I should have done this years ago, which is to say I probably shouldn’t be doing this now. Being a ‘stay at home mum’, in itself, perhaps a redundant phrase at the best of times, feels particularly redundant when your eldest is at an age when he can officially leave school by himself, and your youngest, schooled in self-sufficiency from an early age, so I could rush to a job in an attempt to feel fulfilled and busy, but which only left me worn out, harried and stressed, is so un-needy of me that my attempts to connect with her leave me rebuffed . Why, oh why do I always do things the wrong way round? I guess the answer is, you don’t know there might be a better way until you try.
It’s not like I can’t fill my time, right now, although I feel my CV crisping up round the edges as every day passes by. The kids are still young enough that I can fill my afternoons with playdates and taxi-ing them to piano or Scouts, and fill my days with exercise, holiday planning and cooking wholesome one pot meals – and with Tom away so much at the moment, it certainly makes our lives a lot easier that I’m around to do so. But the days are numbered that they will need me for even these simple tasks, and I wish, I wish I’d enjoyed it more when they really did.
I guess, back then, I couldn’t see the woods for the trees. Back then, I had a point to prove, a chip on my shoulder about being able to do it all and to be fair, my salary came in handy, for all so much of it went on childcare. Now, when the end of childhood is so close in sight, and I could merrily skip off to paid employment free as a bird, and work all the hours you need to in this blurred lines economy, while the kids familarise themselves with bus routes and remembering their own front door key. Yet I am burnt out, disillusioned, and in many ways, back to square one.
In the meantime, many of the local mums with children the same age as my two have sprouted a third, now toddling along in a logical height order. Having a new baby now would feel like a mismanaged sum. But then, being a mum didn’t come easy to me, although in so many ways it was the most fulfilling thing I’ve ever done. It’s only now I have the perspective to say that, while I seem to have got through it okay – for all the additional challenges we faced along the way – there would be things I would have changed. And yet, if I could do it all over again (and perhaps that’s ultimately why I would even countenance a third), I would be making the same mistakes all over again, but I would make them better. Though at the time, I know I was only doing my best, under the circumstances. Perhaps the circumstances were all too predictable, given a bit of hindsight.

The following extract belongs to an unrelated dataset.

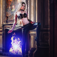 powerful look. The setting looks like a room with decorative elements in the background, which adds to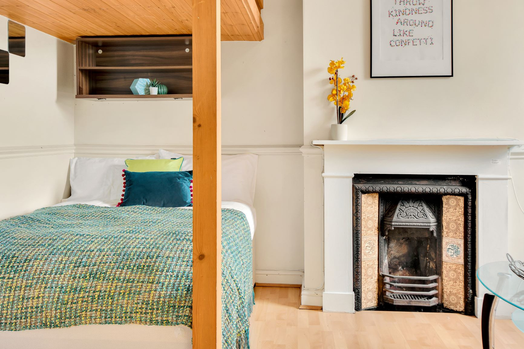 Fully refurbished luxury 1st floor studio flat, decorated to a very high standard. Large lounge with bed on mezzanine floor. Separate fully fitted kitchen with washing machine, dishwasher and cooker. Fully tiled shower room. Intercom entry system. Lovely views of park. Must be seen.

The fact is, when they were young, I was too. There was a part of me that tried to keep up with my peers, at work and at play, for all I was doing a job many of them are only embarking on now. I don’t envy them – first time parenting is a shock to everyone – though a bit of me wonders whether they are perhaps going about things in a more logical way than me. But then, logic was never my strong point, especially at 25.
Now, a decade older, my career, such as it ever was, in bits and my hormones playing tricks on me, amid surging nostaligia for the past, it would be too easy to revisit. Tom, however, at 42 doesn’t want to play ball, and I can’t really blame him. Shouldering the burden of three kids, one of them grown up – has taken its toll, and it shows in his badger grey beard and the wrinkles round his eyes when he smiles. His fertility is on the wane as much a mine is, but he feels no such impetus to throw caution to the wind and give it one more shake of the dice. With him away again, this week, it actually feels worthwhile that I am here to cook and clean and iron his shirts and juggle the kids’ activities, for all it grates on me that in some ways feminism has failed me, for all in many ways, I might have failed it too. But in part, it’s failed because I didn’t do things in the prescribed fashion – and that’s feminism’s problem. It only really works if you follow the rules. And I guess I’ve always been a bit of a rebel in that respect.